FSA will be ready to implement the bulk of the final CRD rules in two weeks

The FSA chief executive confirms that UK is set for Basel II implementation.

The board of the UK regulatory authority will be invited to make the majority of the final Basel II rules law within two weeks, stated the chief executive of the Financial Services Authority (FSA), John Tiner.

Referring to the Capital Requirements Directive (CRD), Tiner confirmed that UK law will be finalised for “the longest and most technically complex pieces of financial legislation to emanate from Brussels,” in the next fortnight.

Tiner said that while he appreciates that outstanding issues remain over Pillar II, the FSA will use the opportunity to foster a regulatory dialogue between the FSA and financial institutions. “I remain a firm believer that we should not seek to use Pillar II in such a way that renders the capital benefits that firms may get under Pillar I nugatory,” he said.

The regulator noted that home-host issues may pose some difficulty, and many banks are concerned that implementation of Basel II will pose problems. “We are all familiar with the potential difficulties that arise out of the decision to delay Basel II implementation in the US by two years. I am unable to provide a cast-iron guarantee that everything will be plain sailing,” he said.
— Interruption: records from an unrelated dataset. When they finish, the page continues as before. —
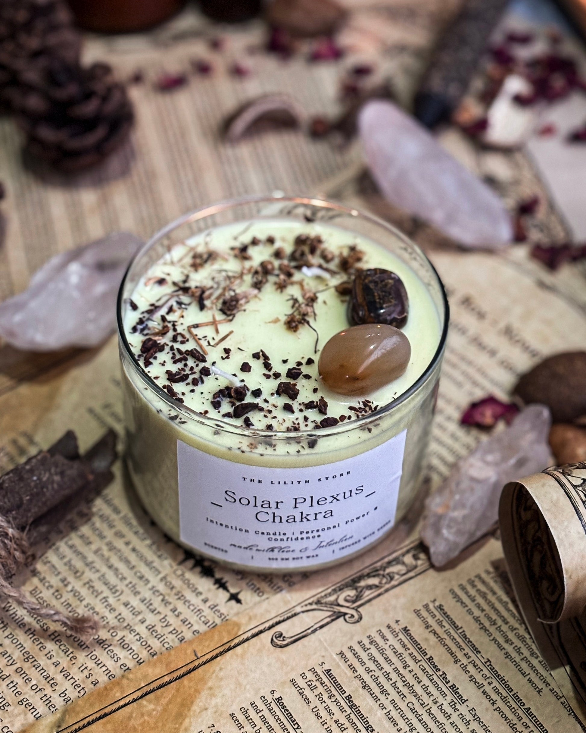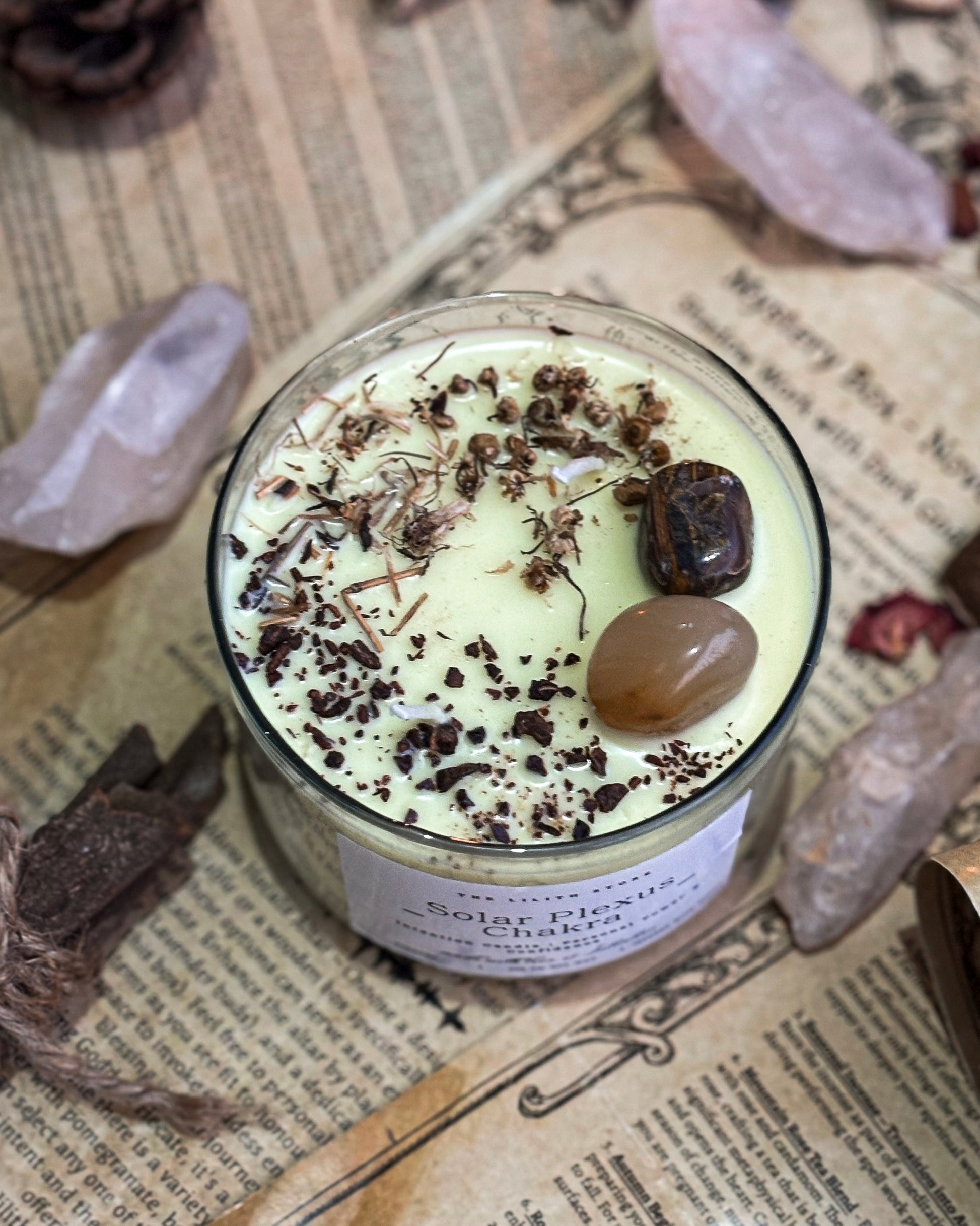 Ignite your personal power, boost confidence, and enhance willpower with our Solar Plexus Chakra Intention Candle. This vibrant yellow candle, crafted with 400 gm of natural soy wax, is infused with empowering herbs like calendula, cinnamon, chamomile, High John, and dandelion root, alongside the energizing properties of yellow aventurine and tiger's eye crystals.
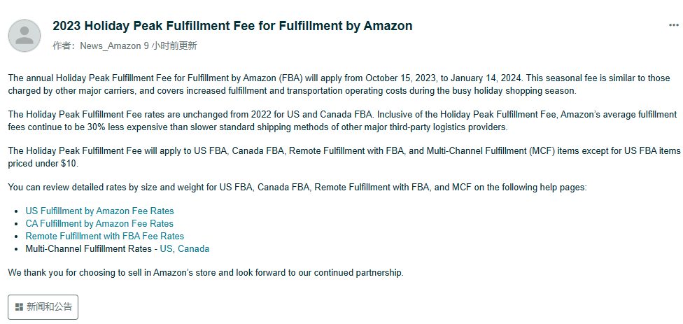 亞馬遜在公告中寫到,亞馬遜的年度假日高峰配送費(fèi)用(FBA)將在2023年10月15日至2024年1月14日期間生效。
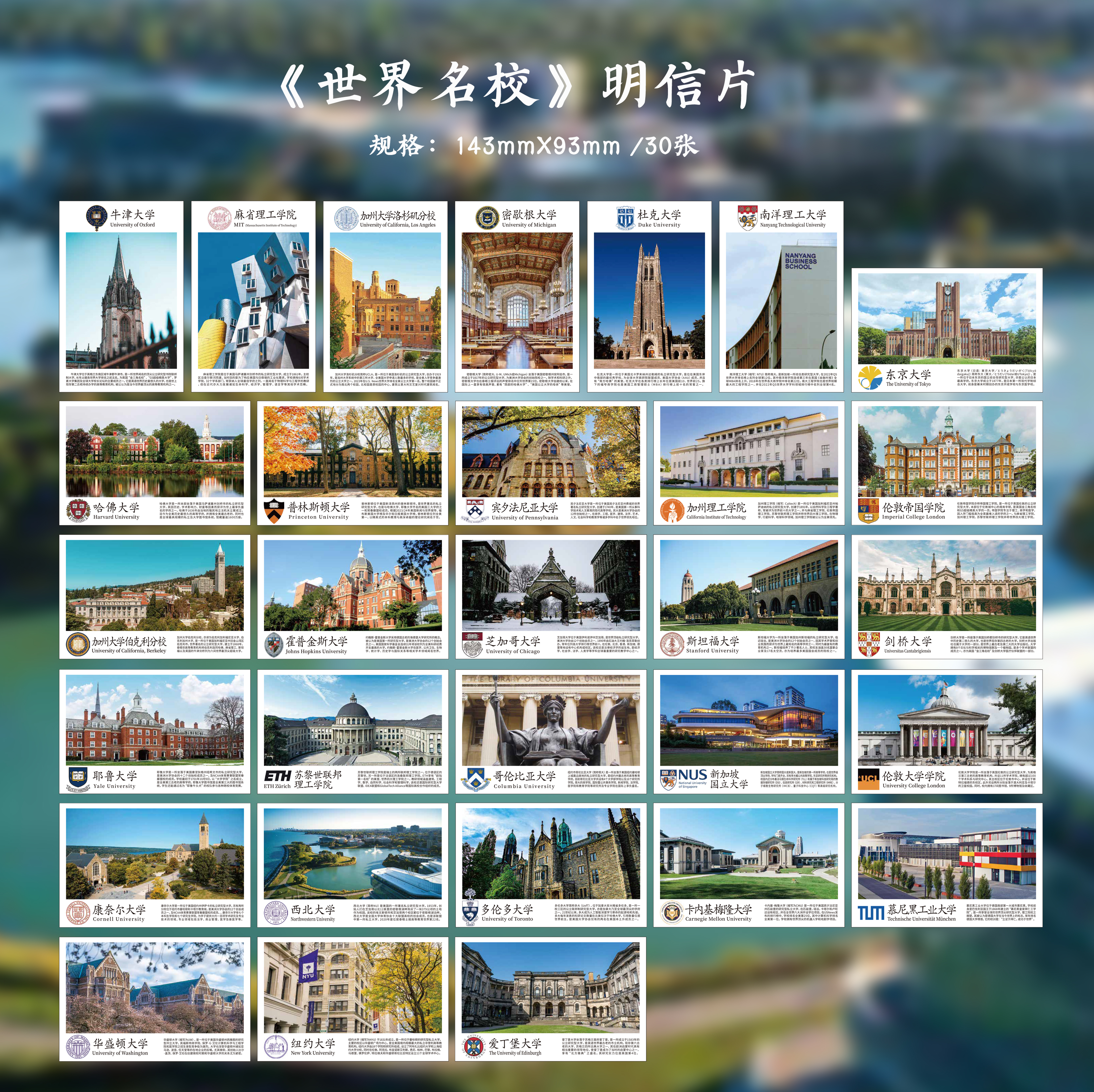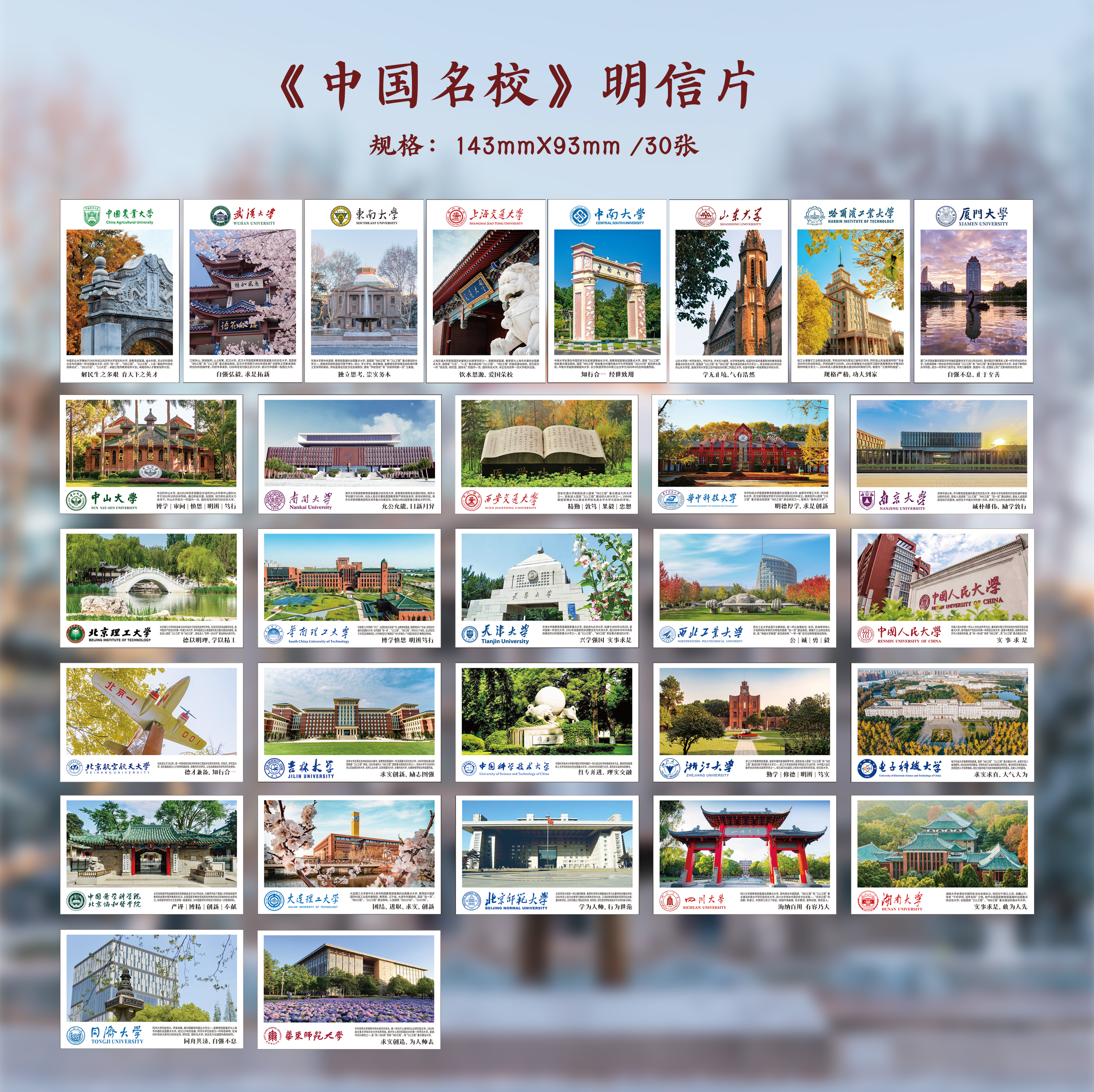 世界名校明信片常春藤中国名校清北985明信片30张盒装创意平面卡片学生中高考开学季励志卡目标大学收藏书签

Tiner emphasised that work with international regulators was ongoing to reduce the regulatory burden and minimise any cross-border issues.

Cost savings must not get in the way of effective regulation

Tiner also addressed the FSA’s new approach to regulation. He emphasised that while the new principles-based rules may reduce the cost of regulation overall, better regulation does not directly translate to cost reduction.

“Whilst we are serious about delivering, where justified, significant reductions in costs incurred by firms complying with our regulations, we will not do this where it undermines the effectiveness of regulation to secure market confidence, consumer protection and a reduction in financial crime,” he said.

However, Tiner emphasised that the FSA is continuing to search for and remove rules that are no longer effective or appropriate.

Tiner noted that many firms desired the certainty of prescriptive rules, and are concerned that useful guidance for implementing regulation will not be forthcoming. To this end, the FSA is going to release a discussion paper at the beginning of next month to outline its approach to an institution’s own guidance.


Acknowledging that the recent suggestion to use benchmarking for best execution was hugely unpopular with the industry, Tiner said that marrying the requirements of the Markets in Financial Instruments Directive (Mifid) has proved an incredibly complex task. He said that discussions with industry are helping to shape UK implementation of the Directive, and that a new discussion paper will be released later this month.